Photographing the Perilous Lives of Cambodia’s High Rise Construction Workers
VICE | 6 December 2016
Cambodia's construction industry is booming, but the lives of its
workers are perilous. With no safety equipment, regulations, or incident
reports, builders are treated as disposable. Every month, there's
another story of one falling to their death. And government inspections
aren't exactly routine, it's a sector that has been left to essentially
regulate itself.
I first came into contact with construction
workers in Phnom Penh while working for a local newspaper back in 2014.
I've been photographing them ever since, as the high rises continue to
go up. I've met entire families who live on building sites, confined to
small shelters built from leftover wood. I've met workers who work 11
storeys high without safety harnesses, wearing flip flops on their feet.

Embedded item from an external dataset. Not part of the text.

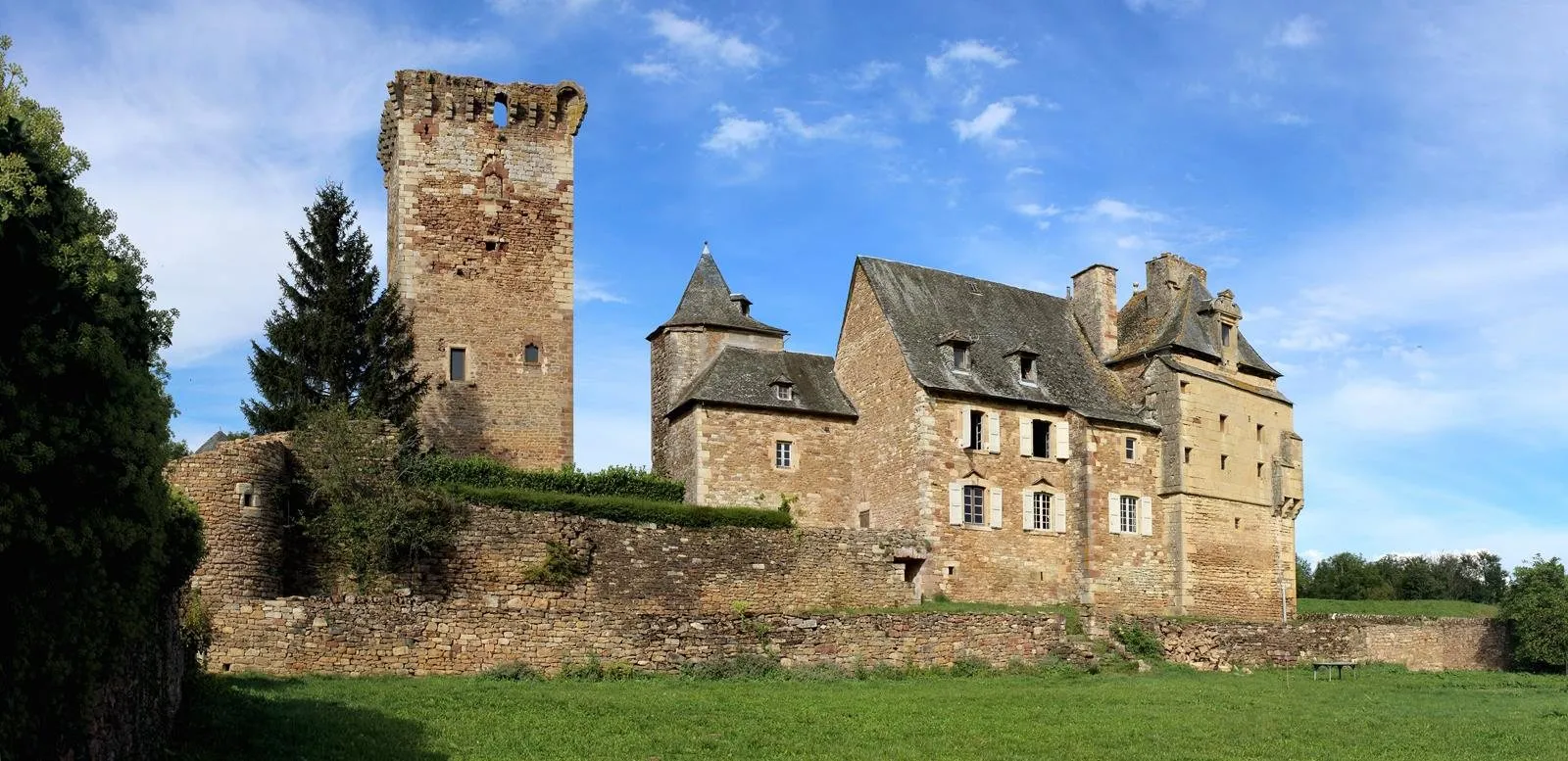 Visite guidée en été du château médiéval de Tholet, sur toute sa hauteur. Ce château fort du XIVème siècle, devenu manoir à la Renaissance, puis ferme au XIXème siècle, témoigne du passé féodal et agricole du Rouergue, dans un environnement préservé.

Many risk their lives daily in order to provide for their families or
pay off debts.
US-based labour rights group Solidarity Center
estimates Cambodia's construction sector workforce to be 300,000
strong, with an average salary of about $7 per day for unskilled
labourers. They fear it will take a massive, unavoidable accident to
usher in long-overdue changes. Such an accident is probably inevitable.
"Until
something really bad happens, it's hard to expect progress," says
Solidarity Center director William Conklin. "It would take a major
construction accident, a lot of loss of life, and even then I don't know
if changes would be sustained. It's sad that you have to say that."